## What you will do:
Any picture among the records should be left out, please; retype the rest exactly.

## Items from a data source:
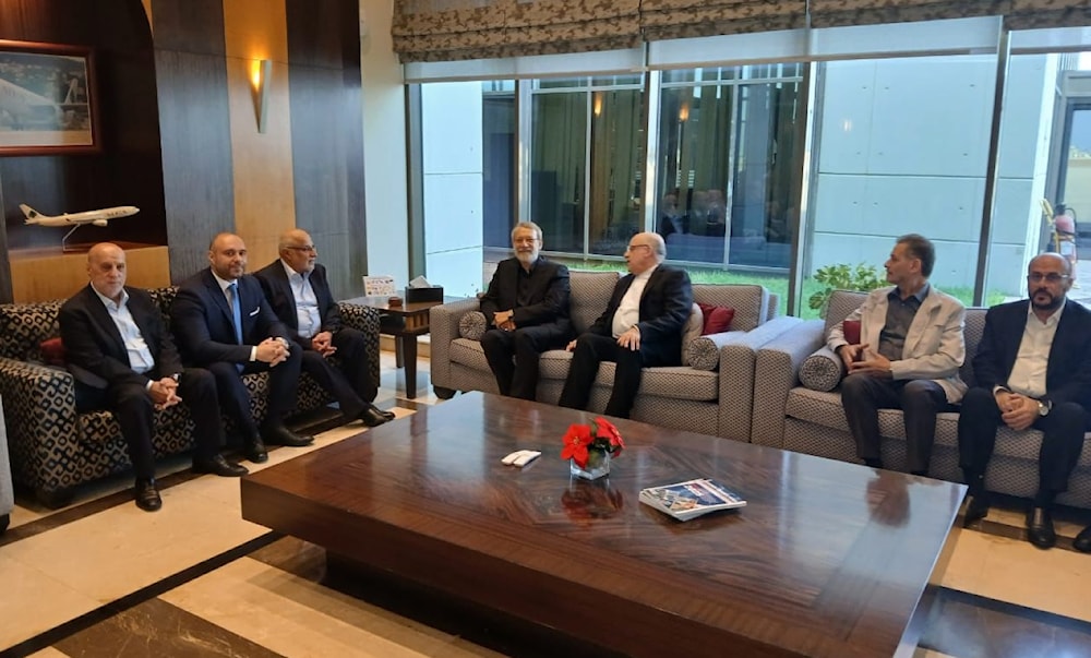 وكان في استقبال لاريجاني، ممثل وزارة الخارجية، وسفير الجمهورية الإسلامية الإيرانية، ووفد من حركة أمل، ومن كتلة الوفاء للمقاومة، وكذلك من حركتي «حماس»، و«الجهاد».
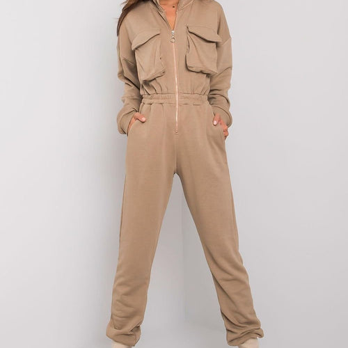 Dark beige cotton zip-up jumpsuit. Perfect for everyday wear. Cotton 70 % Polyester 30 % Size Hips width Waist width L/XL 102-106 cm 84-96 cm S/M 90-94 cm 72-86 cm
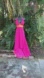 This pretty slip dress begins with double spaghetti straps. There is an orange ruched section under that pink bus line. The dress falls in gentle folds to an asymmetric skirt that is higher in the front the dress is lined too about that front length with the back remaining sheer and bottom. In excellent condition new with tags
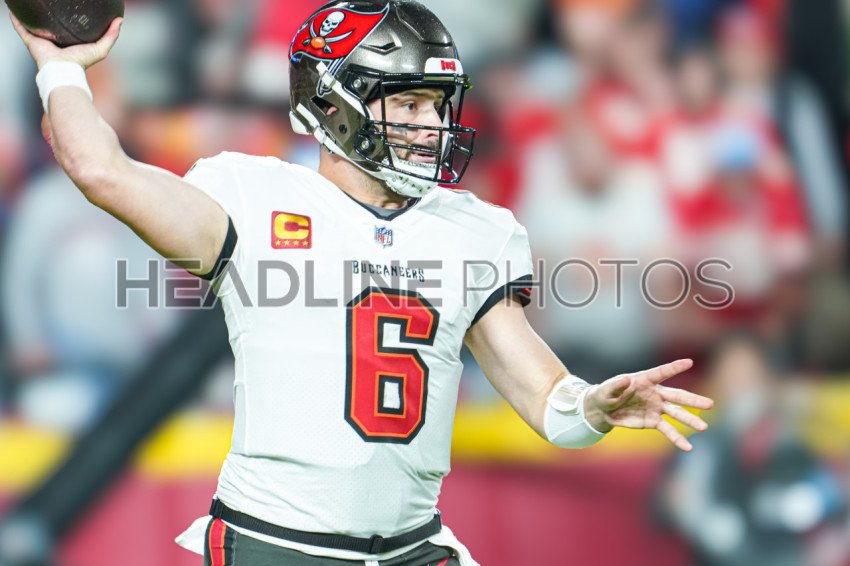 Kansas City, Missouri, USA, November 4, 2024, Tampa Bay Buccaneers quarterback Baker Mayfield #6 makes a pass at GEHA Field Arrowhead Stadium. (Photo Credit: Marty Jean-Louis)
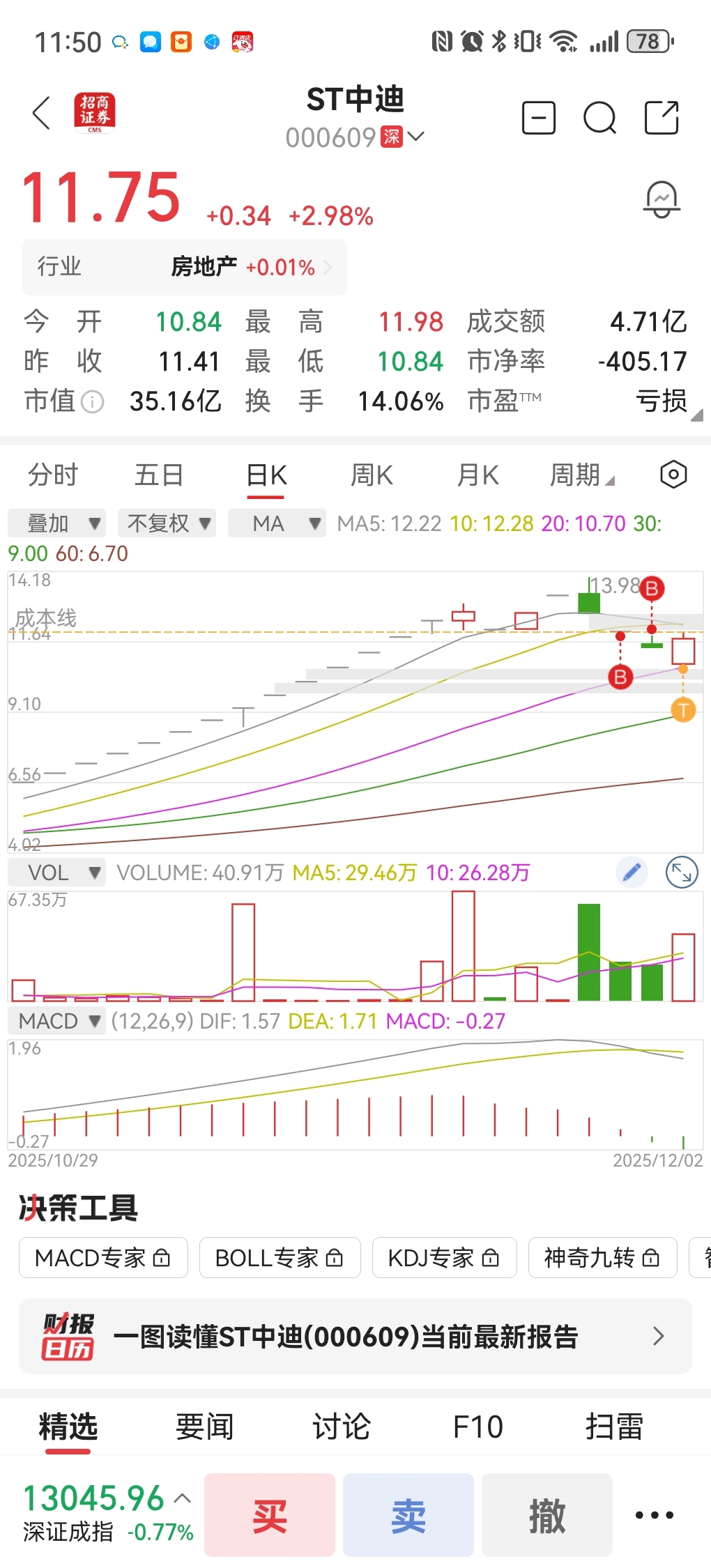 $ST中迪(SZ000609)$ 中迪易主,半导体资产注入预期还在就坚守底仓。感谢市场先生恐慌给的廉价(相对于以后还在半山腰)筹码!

## Written response:
 وكان في استقبال لاريجاني، ممثل وزارة الخارجية، وسفير الجمهورية الإسلامية الإيرانية، ووفد من حركة أمل، ومن كتلة الوفاء للمقاومة، وكذلك من حركتي «حماس»، و«الجهاد».
 Dark beige cotton zip-up jumpsuit. Perfect for everyday wear. Cotton 70 % Polyester 30 % Size Hips width Waist width L/XL 102-106 cm 84-96 cm S/M 90-94 cm 72-86 cm
 This pretty slip dress begins with double spaghetti straps. There is an orange ruched section under that pink bus line. The dress falls in gentle folds to an asymmetric skirt that is higher in the front the dress is lined too about that front length with the back remaining sheer and bottom. In excellent condition new with tags
 Kansas City, Missouri, USA, November 4, 2024, Tampa Bay Buccaneers quarterback Baker Mayfield #6 makes a pass at GEHA Field Arrowhead Stadium. (Photo Credit: Marty Jean-Louis)
 $ST中迪(SZ000609)$ 中迪易主,半导体资产注入预期还在就坚守底仓。感谢市场先生恐慌给的廉价(相对于以后还在半山腰)筹码!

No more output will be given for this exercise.